Беженка. часть 1

Лионель Ли
                Беженка.
                1.
«Все закончится после этого, он мне просто помогает. Я ему не нужна. Он забудет меня.
Я уеду, и у меня начнется другая жизнь. Он не хочет, чтобы я ехала к нему. Если бы он относился ко мне иначе, он хотел бы, чтобы мы увиделись, и чтобы я приехала к ним, хотя бы на день. Но он хотел меня сдать и забыть обо мне. Он поселил меня к родственникам.
Сейчас неизвестно, кого он ко мне пошлет. Но факт тот, что он сам во мне не заинтересован. Зачем он знакомится тогда с бусулб ежрий, просто для общения? Если у него нет намерения жениться! Это очень странно. Значит, у него проблемная семья, и сам он ничего не хочет. Ему не надо было появляться сюда, ни разу.»

Самира все-таки поехала потом к нему, когда деваться было некуда, и жила в их семье неделю, пока не уехала в другое место.

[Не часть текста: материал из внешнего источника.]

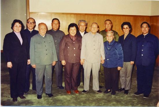 1984年中央领导人陈云(右五)邀请曲艺界知名人士在中南海共度春节(右起:袁阔成、赵玉明、骆玉笙、高元均、陈云、邓力群、马增慧、罗杨、陶钝、侯宝林、刘兰芳) 新华社记者:李平摄
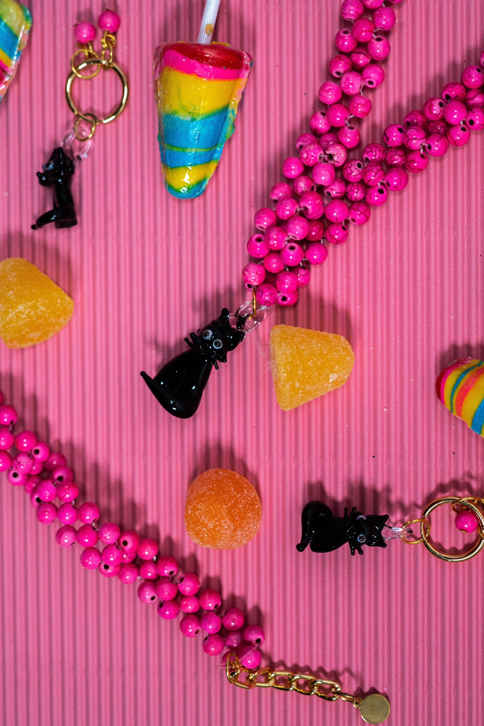 Collar tipo choker con un diseño divertido y dije de vidrio soplado en forma de michi, no hay nada más cool que usarlo.
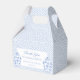 Stylish favour boxes with a blue and white Greek Key pattern background, a watercolor ginger jar on each side of the front panel, together with the personalised text.
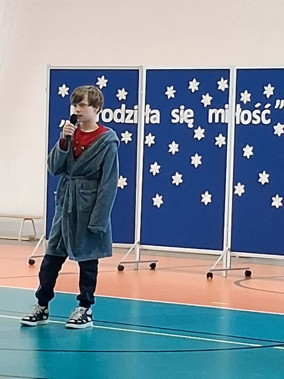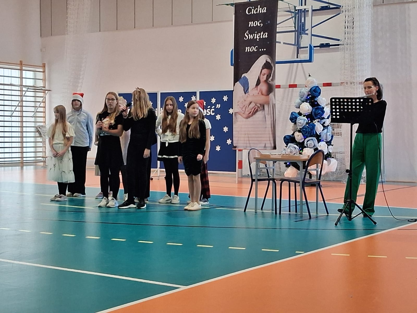 19 grudnia 2025 r. w naszej sali gimnastycznej odbył się wyjątkowy koncert kolęd dla klas 4–8. Uczniowie zaprezentowali swoje talenty wokalne i instrumentalne, a wspólne śpiewanie tradycyjnych polskich kolęd stworzyło atmosferę radości, refleksji i jedności.
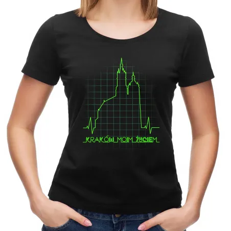 • Wzór: koszulka z napisem "Kraków Moim Życiem”, wykres EKG w kształcie Kościoła Mariackiego
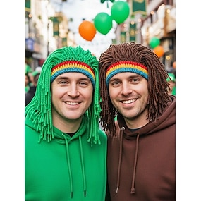 Pălărie bărbătească din poliester cu perucă artificială colorată, disponibilă în mai multe culori, perfectă pentru Ziua Sfântului Patrick, carnaval și ocazii festive
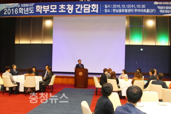 ▲ 한남대 이덕훈 총장이 학부모초청간담회에서 학부모들에게 인사말을 하고 있다.
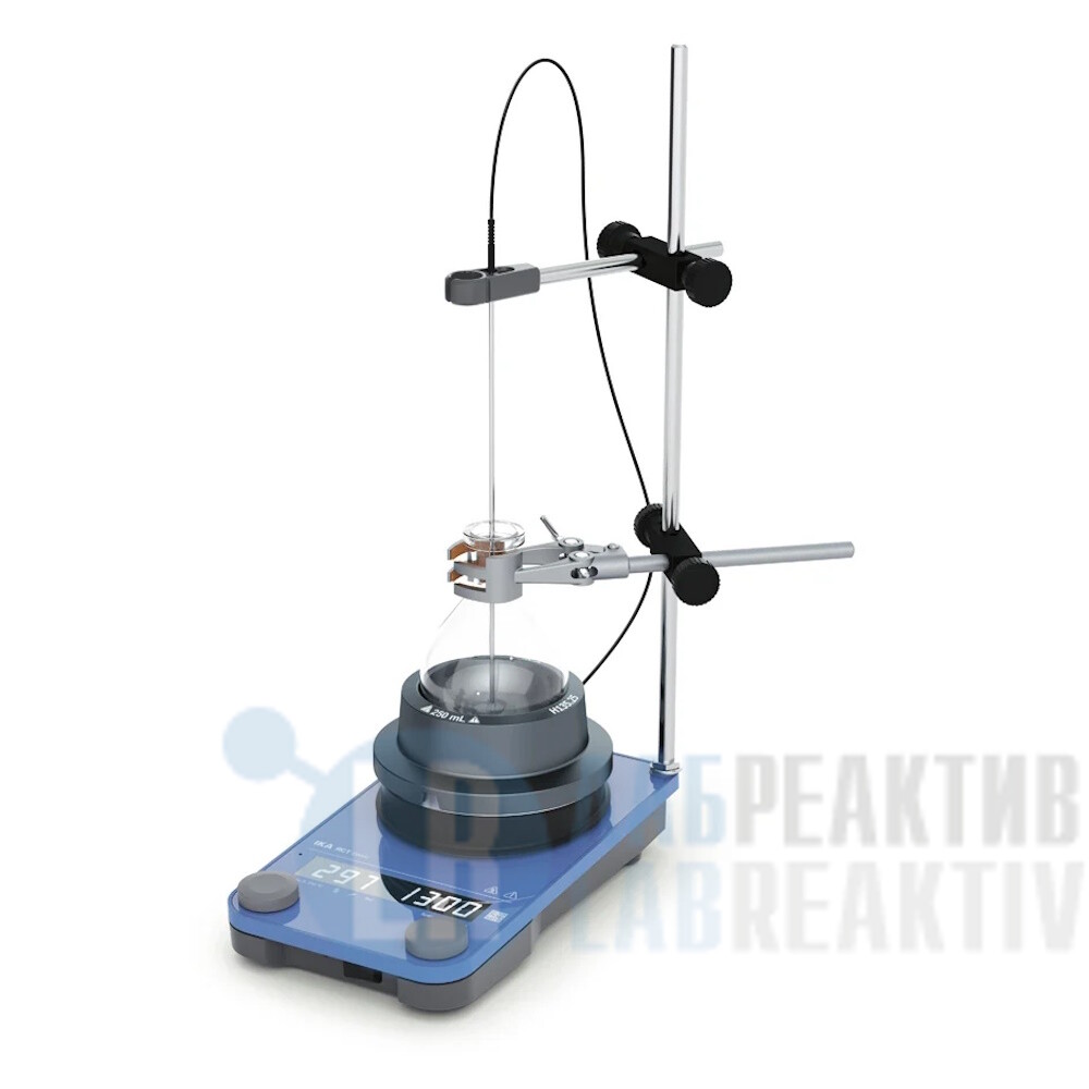 Насадка для синтеза, изготовленная из прочного анодированного алюминия, выдерживает температуру до 300°C. В качестве опции может быть установлен дополнительный штатив для надежного крепления обратного конденсатора. Достаточно вставить стержень во второе гнездо мешалки RCT basic.
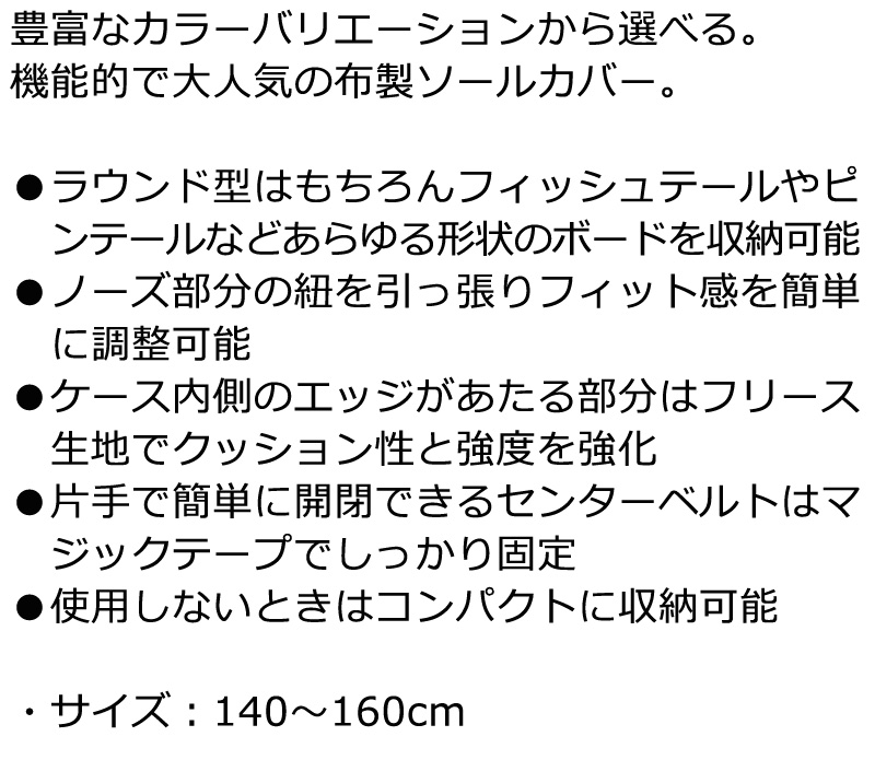 | コメント | 豊富なカラーバリエーションから選べる。機能的で大人気の布製ソールカバー。 ●ラウンド型はもちろんフィッシュテールやピンテールなどあらゆる形状のボードを収納可能 ●ノーズ部分の紐を引っ張りフィット感を簡単に調整可能 ●ケース内側のエッジがあたる部分はフリース生地でクッション性と強度を強化 ●片手で簡単に開閉できるセンターベルトはマジックテープでしっかり固定 ●使用しないときはコンパクトに収納可能 SIZE / 140〜160cm ※掲載写真の色合いは、PCモニター環境や撮影時の光環境により実物と若干違う可能性もございますのでご了承ください。 サイズ感、見え方等、ご不明な点があればお気軽にお問い合わせください。 |

  «Не могу ни с кем другим общаться, не могу ни на что смотреть, я подавлена, я как в плену. Я не могу ни о чем думать, кроме как о нем. Я до сих пор его люблю, даже если бы он кинул меня в пруд, как он хотел. Я сойду с ума. Все, что я хотела, это увидеть его, все, что я хочу, это увидеть его снова. Лучше бы он ненавидел меня, чем был безразличным. Лучше бы он преследовал меня. Лучше бы он хотел убить меня. Я не могу расставаться с ним. Не смотря на то, что он мне причинил, на то, что говорил, как оскорблял, как унижал, как хотел уничтожить. Я все равно продолжаю любить его. Зачем я приехала в этот город. Зачем судьба меня привела сюда. Чтобы я испытывала такое страдание. Чтобы я страдала здесь от этого. Я больше не могу общаться с другими, я больше не могу искать других. Прошло 2 месяца, я думала уже, что не увижу его, и успокоилась на этом, но сейчас все воображение опять заполонено им. За что мне это. Лучше бы он скинул меня в пруд.
Может предоставить ему какие-то ложные доказательства, что я работаю на кого-то? Может быть сказать ему, чтобы он поверил, что меня следует убить, и чтобы он сделал это? Что угодно, какой угодно предлог, чтобы только вызвать его на что-нибудь. Я знаю, какой он жестокий человек, но я могу любить только его.
     Он вторая моя любовь после мужа.
    Я знаю, как он измучил бы меня в роли мужа. Но именно такого мужа, похожего, я бы хотела, только чтобы он любил меня. Чтобы не предал меня ради его отца, ни ради кого. Чтобы не отнесся так наплевательски.
   Я для него не значила ничего. Как не значу и теперь. Его отец руководил им, и руководит и теперь. Эта семья не дала бы мне покоя.
   Он выражал свою ненависть, а я сидела и думала, как я люблю его. Я не способна его ненавидеть. Я обиделась на него, но эта обида прошла. Я его люблю, не смотря на его ненависть ко мне.
   Я хотела забыть его. Как же мне забыть его снова?»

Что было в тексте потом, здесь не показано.